2. HT‐29 RIPK3 KO cells re‐expressing Dox‐inducible WT RIPK3 or the indicated RIPK3 mutants were incubated with 1 µg/ml Dox overnight, as indicated. Cells were treated with 20 µM zVAD.fmk, 5 µM BV6, and 10 ng/ml TNFα for 2 h and analyzed by Western blotting for RIPK3 and phosphorylated MLKL expression levels. β‐Actin served as a loading control.
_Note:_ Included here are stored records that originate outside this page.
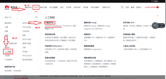 浏览器进入华为云,执行以下三步骤操作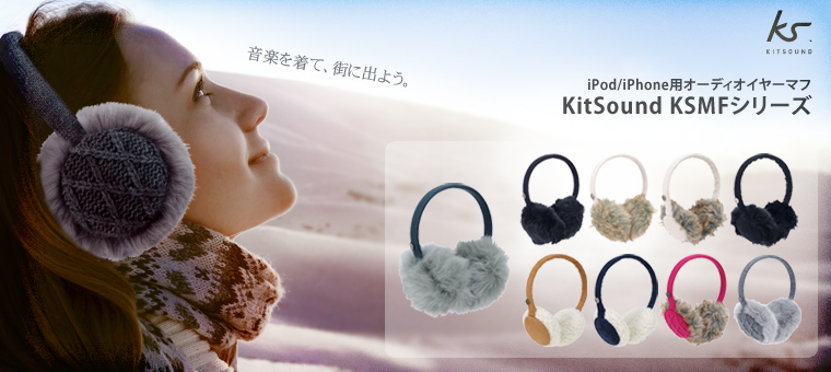 英国発の音楽ブランドKitSoundからiPod/iPhone用オーディオイヤーマフ、KSMFシリーズの新作が今年も新登場! 秋冬ファッションのアクセントとして防寒にも使える定番アイテムのイヤーマフにヘッドホン機能を搭載しました。 KSMFシリーズは、マイク付きリモコン付属なので、着信時にはイヤーマフを付けたまま通話可能!突然の着信にもかじかむ手でiPhoneを持つ必要はありません。 寒い季節も自分らしいおしゃれと音楽でHappyに! おしゃれと音楽を愛する女の子の為のオーディオイヤーマフです。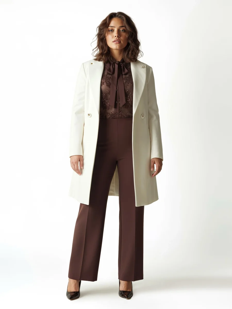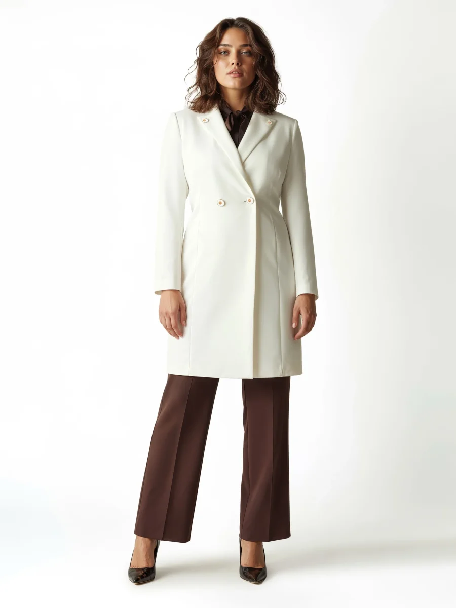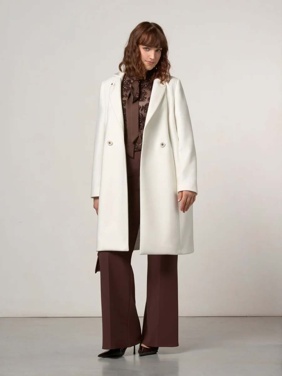 Un’eleganza essenziale definisce questo cappotto doppiopetto bianco, un capo pensato per illuminare con stile il guardaroba della stagione fredda. La sua linea dritta e pulita scivola sulla figura, valorizzandola senza costrizioni. Il design è caratterizzato da rever classici e una chiusura doppiopetto con due bottoni a vista in tinta, resi unici da un dettaglio centrale a contrasto che aggiunge un tocco distintivo. Le cuciture verticali frontali strutturano il modello con precisione, accompagnando lo sguardo lungo la silhouette fino all’orlo a metà coscia.

3. Schematic overview of the putative mechanistic roles of USP22 in necroptosis. Activation of TNFR1 by TNFα, upon caspase‐8 inhibition by zVAD.fmk and cIAP1/2 inactivation by BV6, induces RIPK1/3 activation, necrosome formation, and execution of necroptosis. In the absence of USP22 KO, TBZ‐induced necroptosis is delayed, accompanied by increased RIPK3 phosphorylation and ubiquitination of RIPK3 at lysine 518. This USP22‐mediated necroptotic signaling could be caused either by direct USP22‐mediated (de)ubiquitination of RIPK3 and/or indirectly by, for example, regulating RIPK3 autophosphorylation or the activity of RIPK3‐associated E3 ligases or kinases. Additionally, USP22‐mediated retrograde effects on RIPK1 phosphorylation and RIPK3 oligomerization might be involved as well.

Data information: Data represent mean ± SD; **P < 0.01, by unpaired 2‐tailed Student's t‐test. Three independent experiments performed in triplicate are shown.